▸ **Raw data**
━━━━━━━━━━━━━━━━━━━━━━━━━━━━━━
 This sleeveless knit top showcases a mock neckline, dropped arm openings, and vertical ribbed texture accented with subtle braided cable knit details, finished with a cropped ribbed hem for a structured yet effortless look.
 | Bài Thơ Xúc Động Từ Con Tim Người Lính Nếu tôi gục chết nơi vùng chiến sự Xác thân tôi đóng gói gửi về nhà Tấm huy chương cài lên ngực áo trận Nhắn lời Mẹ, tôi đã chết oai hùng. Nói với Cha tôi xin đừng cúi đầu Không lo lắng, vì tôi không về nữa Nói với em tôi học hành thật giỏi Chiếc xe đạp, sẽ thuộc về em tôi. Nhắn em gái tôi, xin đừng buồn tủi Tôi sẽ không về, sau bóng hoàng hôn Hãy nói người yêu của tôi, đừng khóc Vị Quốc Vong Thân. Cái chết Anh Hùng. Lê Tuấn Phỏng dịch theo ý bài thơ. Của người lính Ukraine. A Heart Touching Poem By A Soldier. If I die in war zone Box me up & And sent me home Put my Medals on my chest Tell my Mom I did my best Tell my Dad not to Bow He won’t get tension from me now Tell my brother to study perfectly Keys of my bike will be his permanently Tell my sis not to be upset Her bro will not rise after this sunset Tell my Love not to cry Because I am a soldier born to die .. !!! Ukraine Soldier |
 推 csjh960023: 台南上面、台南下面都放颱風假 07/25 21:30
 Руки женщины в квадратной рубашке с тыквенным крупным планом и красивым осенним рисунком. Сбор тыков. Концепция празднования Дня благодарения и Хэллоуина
━━━━━━━━━━━━━━━━━━━━━━━━━━━━━━
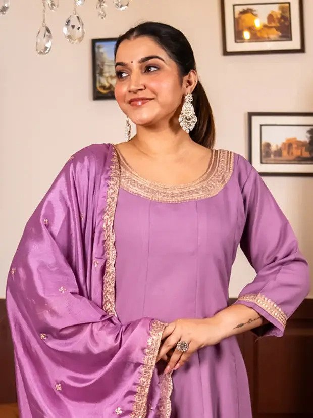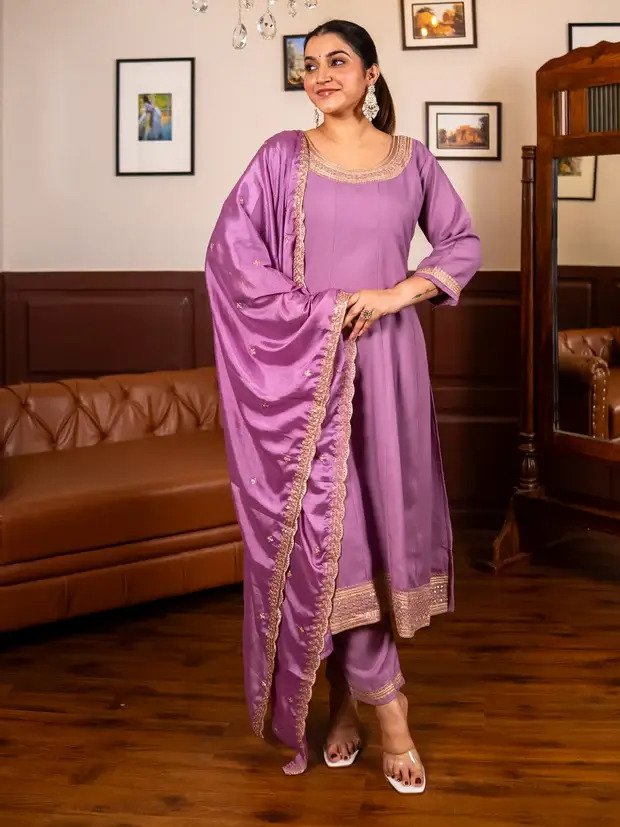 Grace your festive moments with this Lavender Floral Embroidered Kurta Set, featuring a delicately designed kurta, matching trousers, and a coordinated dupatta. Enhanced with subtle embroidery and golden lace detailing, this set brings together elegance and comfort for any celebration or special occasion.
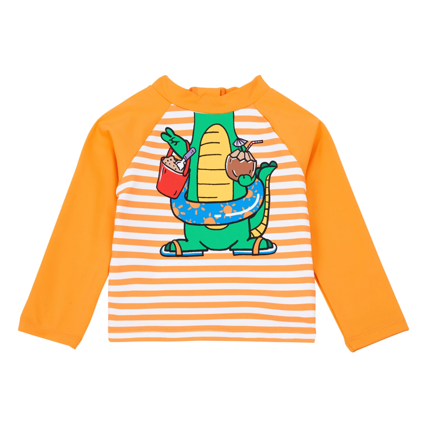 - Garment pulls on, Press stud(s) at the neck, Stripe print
━━━━━━━━━━━━━━━━━━━━━━━━━━━━━━
▸ **Goal of the exercise**
Give again exactly, and only, the lines above starting at the one with "推 csjh960023: 台南上面、台南下面都放颱風假 07/25 21:30" and ending at the one with "Руки женщины в".

▸ **Written solution**
 推 csjh960023: 台南上面、台南下面都放颱風假 07/25 21:30
 Руки женщины в квадратной рубашке с тыквенным крупным планом и красивым осенним рисунком. Сбор тыков. Концепция празднования Дня благодарения и Хэллоуина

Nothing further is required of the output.